Lesson 7 — Composing kernels
A single kernel maps over one array at a time, but many algorithms are
naturally expressed as a pipeline of kernels: the output of
one kernel becomes the input of the next. This lesson shows how to chain two
kernels — square and add — to compute
out[i] = a[i]² + b[i] in two GPU passes.
What makes this different from the earlier lessons: there is now an OCaml
host program (compiled to JavaScript with
js_of_ocaml) that
orchestrates the two GPU dispatches. The host transpiles each kernel source,
runs Kernel A to produce a temporary buffer tmp, then runs
Kernel B with tmp and b to produce the final
result.
Host orchestration (OCaml)
(* Host program (runs in the browser via js_of_ocaml) *)
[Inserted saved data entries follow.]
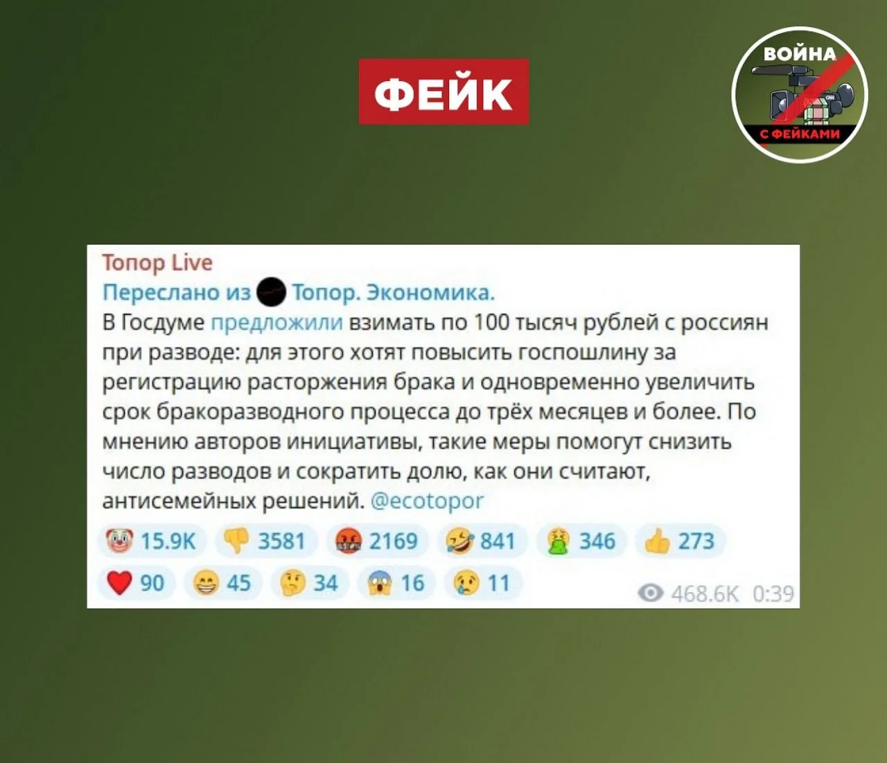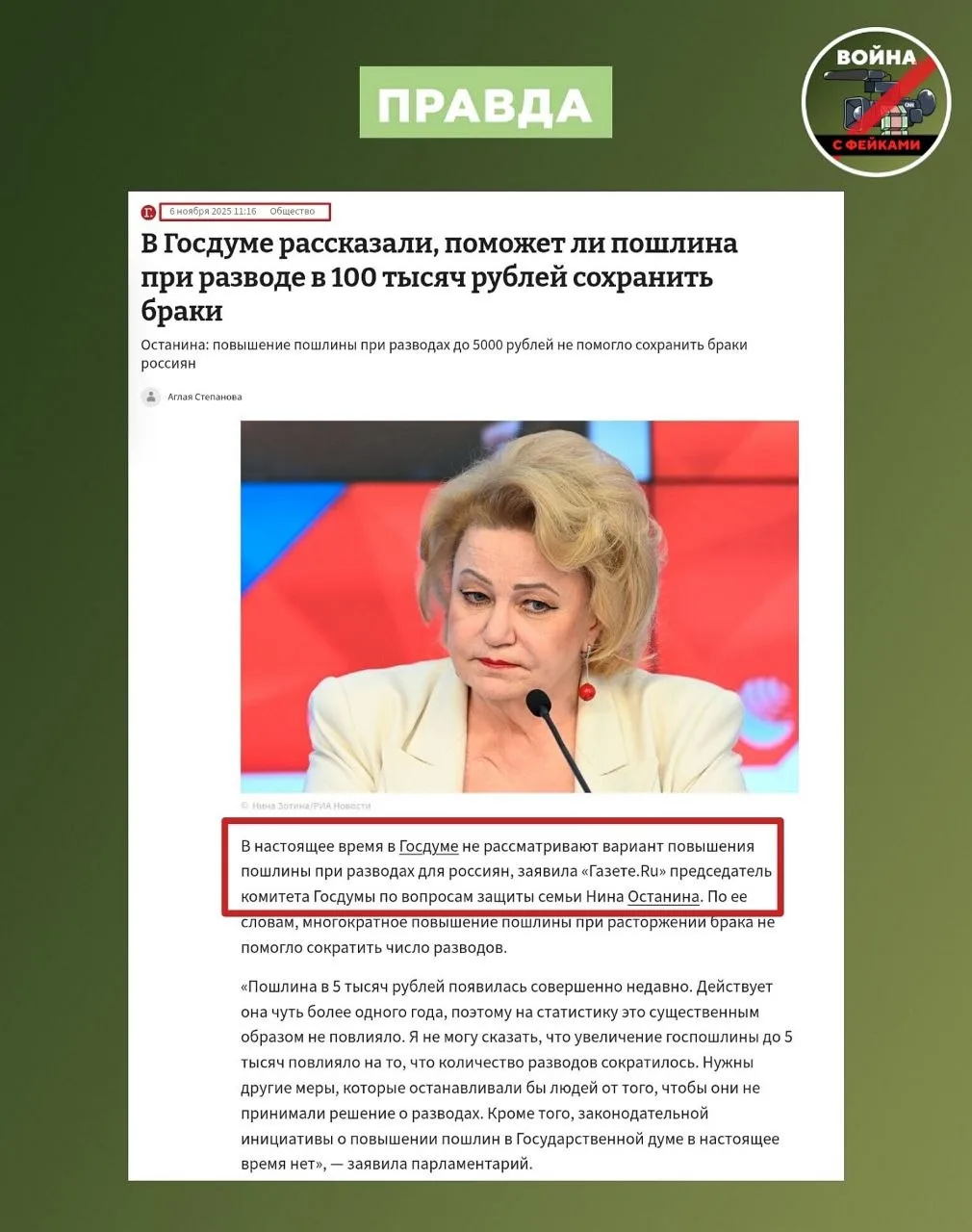 Админы телеграм-каналов снова решили хайпануть, но проигнорировали, что председатель комитета Госдумы по вопросам защиты семьи Нина Останина еще в ноябре 2025-го исключила возможность взимания по 100 тысяч рублей с россиян при разводе.
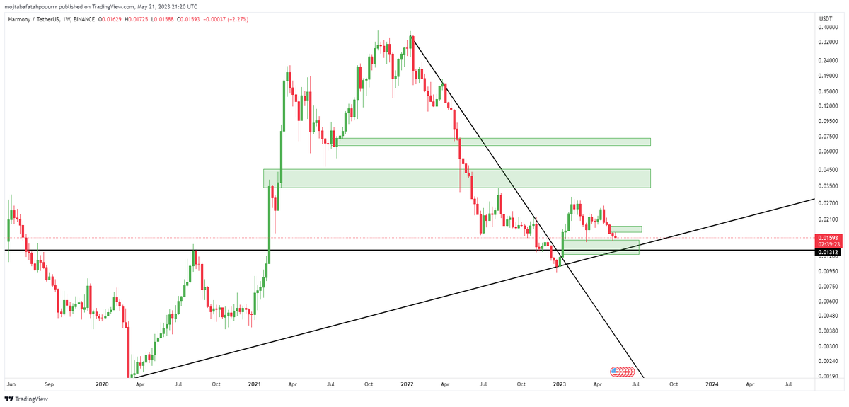 همانطور که در تصویر میبینید قیمت به نظر نیاز به اصلاح تا قیمت حدود 0.01312 $ را دارد بعد از برخورد قیمت با 0.01312$ و حفظ ان قیمت میتواند به سمت بالا حرکت کند و تارگت های 0.01795 $، 0.02099 $، 0.03377، را لمس کند .
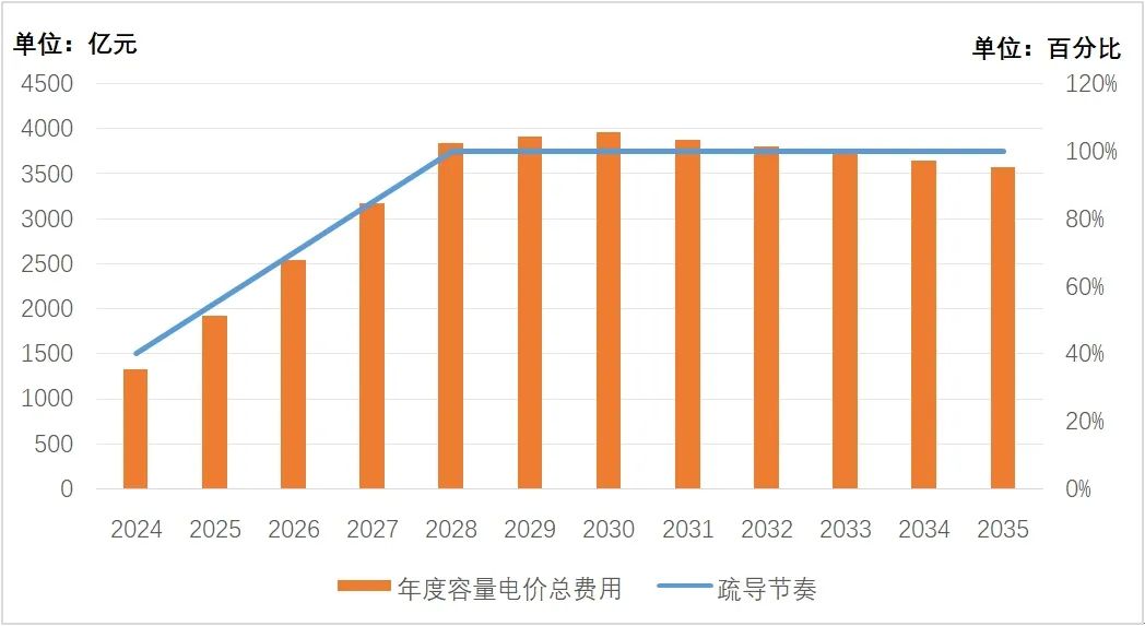 圖2 年度容量電價(jià)總費(fèi)用及疏導(dǎo)節(jié)奏(按趨勢預(yù)估測算)
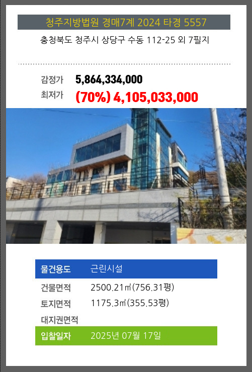 사건번호 2024 타경 5557 본건은 충청북도 청주시 상당구 수동 112-25 외 7필지소재하는 근린시설경매 물건의 포스팅입니다. 건물면적 [ 2500.21㎡ (756.31평) ]토지면적 [ 1175.3㎡ (355.53평) ] 시세를
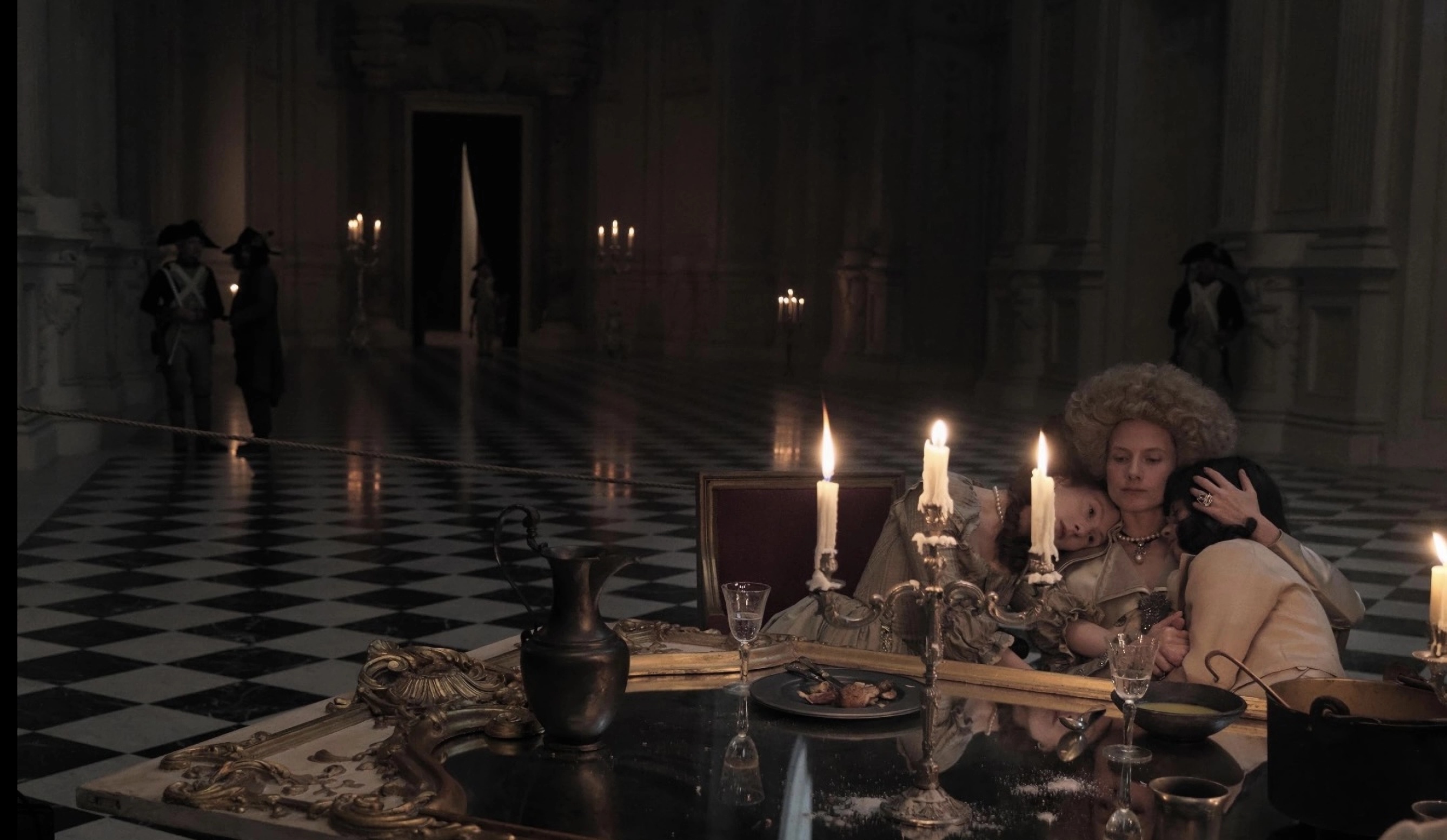 A nejde ani tak o to, že bychom postavy od základu nechápali. Nanejvýš nepříjemná situace vytržení z obvyklého prostředí a vhození do nejistoty a strachu o život, potažmo pocity z toho vyplývající, jsou na lidské úrovni naprosto srozumitelné. Divácké naladění na úzkost prožívanou králem a královnou, na které vyprávění převážně upírá pozornost, je navíc výrazně zesíleno obrazovým pojetím. Zrnitý vizuální styl a poměrně matná barevná paleta působivě zachycují nehostinnost vhodně vybraných interiérů ztvárňujících komnaty Templu s jejich tmavými a zašlými stěnami. Stejný díl úspěchu na budování atmosféry zoufalství pak má i scénářem vhodně dávkované, postupně čím dál zásadnější narušování komfortu a důstojnosti královské rodiny ze strany těch, kteří je hlídají.

let run kA_src kB_src ~a ~b ~cb =
match of_source_with_abi WGSL kA_src with
| Error e -> cb_err cb e
| Ok (wgslA, abiA) ->
Webgpu_runtime.run ~wgsl:wgslA ~abi_json:abiA
~inputs:[("a", a); ("tmp", zeros)]
~outputs_wanted:["tmp"]
~on_done:(fun [{tmp}] ->
match of_source_with_abi WGSL kB_src with
| Error e -> cb_err cb e
| Ok (wgslB, abiB) ->
Webgpu_runtime.run ~wgsl:wgslB ~abi_json:abiB
~inputs:[("tmp", tmp); ("b", b); ("out", zeros)]
~outputs_wanted:["out"]
~on_done:(fun [{out}] -> cb_ok cb out) ())
()
Note: the two kernels currently round-trip through the host between stages (tmp is read back from the GPU before being re-uploaded for Kernel B). True GPU-side buffer persistence — avoiding the round-trip — is a planned runtime enhancement.
Your task
Fill in the two kernels below and click Run on my GPU. Both editors use the same OCaml kernel syntax you have seen in earlier lessons. The host program above glues them together automatically.
Fill in the TODOs and click "Run on my GPU".
Hint
Kernel A: a.(i) *. a.(i) (OCaml uses *. for
float multiplication). Kernel B: tmp.(i) +. b.(i).